It’s only because conditions elsewhere in the Muslim world are so much worse that the United Arab Emirates appears to be a land of “tolerance” and “coexistence”, as Pope Francis characterised it during his visit this week.
This was captured in the gift that the Crown Prince gave to the Holy Father – the notarised document from 1963 whereby Sheikh Shakhbut bin Sultan Al Nahyan, ruler of Abu Dhabi, gave a property to the Catholic Church on which to build a church. The gift was meant to highlight the contrast with the dominant country of the Arabian peninsula, Saudi Arabia, where Christian practice is illegal. Forget about a church – even being caught there with a bible or rosary is sufficient to end up in a religious jail. Still, tolerance for the Christian minority in the UAE remains a longstanding gift of the emir, not acknowledged as a fundamental human right.

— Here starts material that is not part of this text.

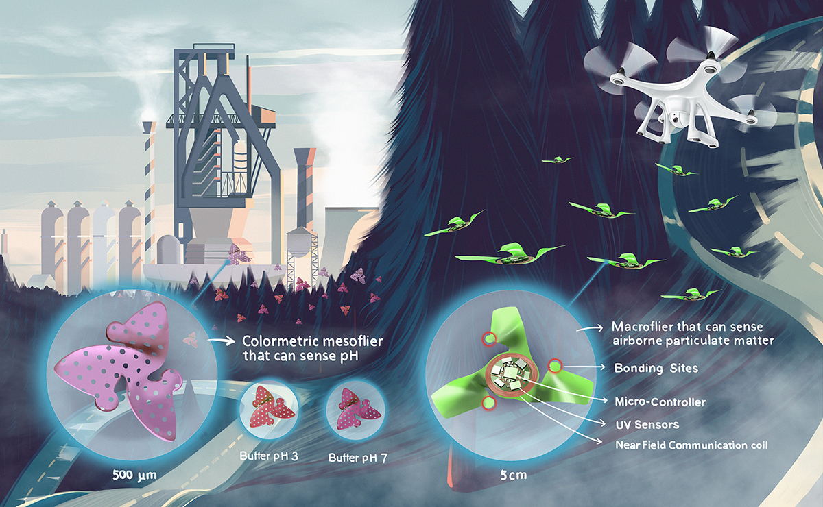 While the team hopes to focus more on IoT enabled fliers, they also looked into an example that used electronic alternatives – pH-responsive 3D mesofliers that use a color indicator based on anthocyanin infiltrated into a polycarbonate membrane. Aerial photographs of these sensors could be analyzed for monitoring purposes.

The greatest recent breakthrough in Catholic-Islamic relations was Benedict XVI’s Regensburg Address of 2006, much maligned at the time as provocative, but received in thoughtful quarters in the Islamic world as putting the focus on exactly the key question: the theological issue of whether God acts in accord with reason.
A year after the boldness of Regensburg, King Abdullah of Saudi Arabia visited the Vatican in November 2007, and the following summer the king hosted an interfaith meeting including Christians and Jews. That conference was such a novelty that Abdullah had to hold it in the royal palace of Madrid – the gathering would have been illegal in Saudi Arabia itself.

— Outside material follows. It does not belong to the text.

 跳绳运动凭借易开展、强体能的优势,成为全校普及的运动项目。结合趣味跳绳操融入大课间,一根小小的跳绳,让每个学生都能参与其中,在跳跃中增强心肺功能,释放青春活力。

Pope Francis prefers to speak diplomatically rather than theologically in ecumenical and inter-religious encounters, especially regarding Islam. So there was no chance that he would take the Regensburg route of asking what the status of religious violence is in Islamic thought – despite the bombing of a Catholic cathedral last week in the Philippines, or the forced exile of Asia Bibi from Pakistan, as jihadist mobs threatened to administer the death sentence lifted by the Pakistani supreme court.
Yet in his address in Abu Dhabi – the trip only included one speech and one homily at Mass – Pope Francis did not shy away from courageously insisting upon religious freedom, as he did during his visit to Egypt two years ago.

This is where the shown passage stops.